# cory eggs?



## poisonousgiraffe (Jan 24, 2018)

I checked my 20L this morning and found a bunch of eggs everywhere. At first I thought it might be snail eggs, but I did some googling and I think I accidentally bred my cories haha

should I just leave them in the aquarium and see what happens? (probably they get sucked up by the filter if they hatch or the betta eats them) I've never bred any fish purposefully or accidentally before so I'm not really sure what to do.


----------



## ThatFishThough (Jan 15, 2016)

IMO I would just leave them. Most fry can avoid filters and things; if you want to be safe you can put a sponge over the intake of the filter and buffer the flow down.
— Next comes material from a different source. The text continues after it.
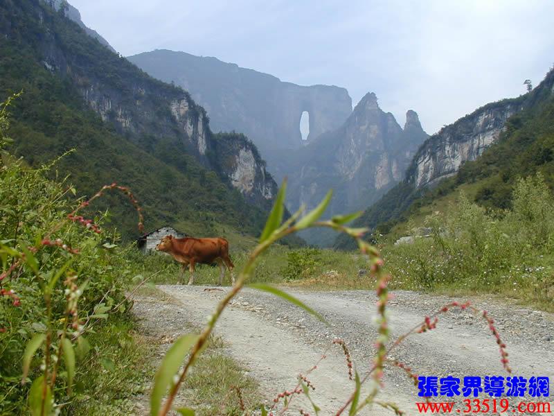 (天門洞)在天門山1264米高的絕壁之上,生出一個南北洞穿的天然門洞,洞底至洞頂131.5米,寬37米,縱深30米。洞北面頂部邊緣,有倒垂的龍頭竹,它的根像龍頭,樹葉像鳳尾,因此又叫鳳尾竹。東側是高約200多米的溝槽,有泉水從上面飄散,落下點點梅花雨。據(jù)說誰能張口接下48滴梅花雨,便可羽化成仙。天門洞口,經常能看到巖燕飛舞,山鷹盤旋。隨著天氣的變化,天門洞有時候吞云吐霧,有時候明朗似鏡,構成循環(huán)往復、瞬息萬變的氣象景觀。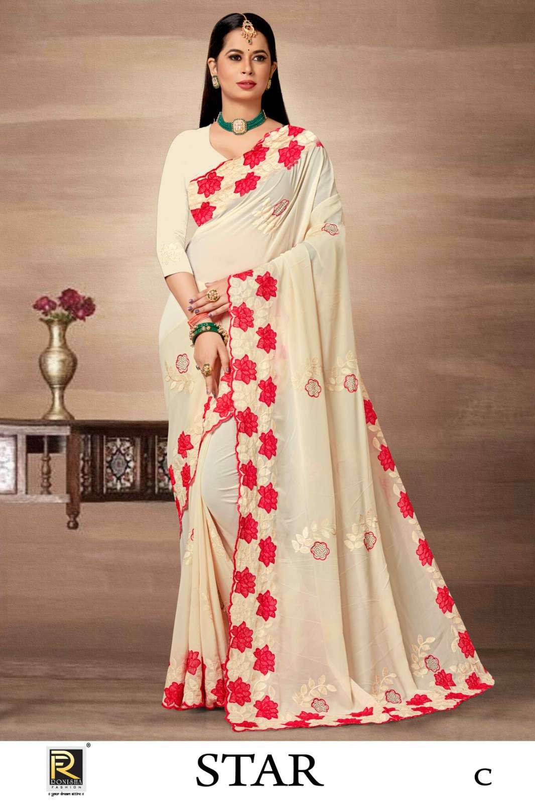 STAR BY RANJNA SAREE FANCY FABRICS EMBROIDERY WORK & FANCY DESIGNER BORDER SUPER HIT COLLECTION

(Also, yes. cory eggs. :3)


----------



## poisonousgiraffe (Jan 24, 2018)

The leaf the majority of the eggs are on is actually right next to the filter lmao but I will get a sponge and see how it goes


----------



## KendraPM (Feb 13, 2018)

I used to breed (or rather my mother used to) some fish, and she'd always put the fry into these little homemade nets she made. We'd lose some of course, but it would keep the adults or the filter from getting them.


----------



## poisonousgiraffe (Jan 24, 2018)

The eggs are still there, none of them appear to have fungused which is surprising to me, since I've been having problems keeping the water clear in that tank (new plants melting/regrowing mostly). There are fewer of them than there were the first day, possibly because they became snacks, but it could be that some started hatching this evening. this is pretty exciting, maybe I'll see some tiny cories soon  

I added an extra sponge filter to the tank for more bio filtration and I'm going to keep a close eye on the water parameters. tiny fry probably won't mess the tank up too much, but it's probably better to be slightly paranoid about water quality anyway.


----------



## Gariana (Jul 22, 2015)

My cories in the 33g planted tank have been laying eggs for months now. I never did anything with the eggs, just let them be. But yesterday I found two tiny panda babies!  

I better check the external canister filter too, hope none are stuck in there.


----------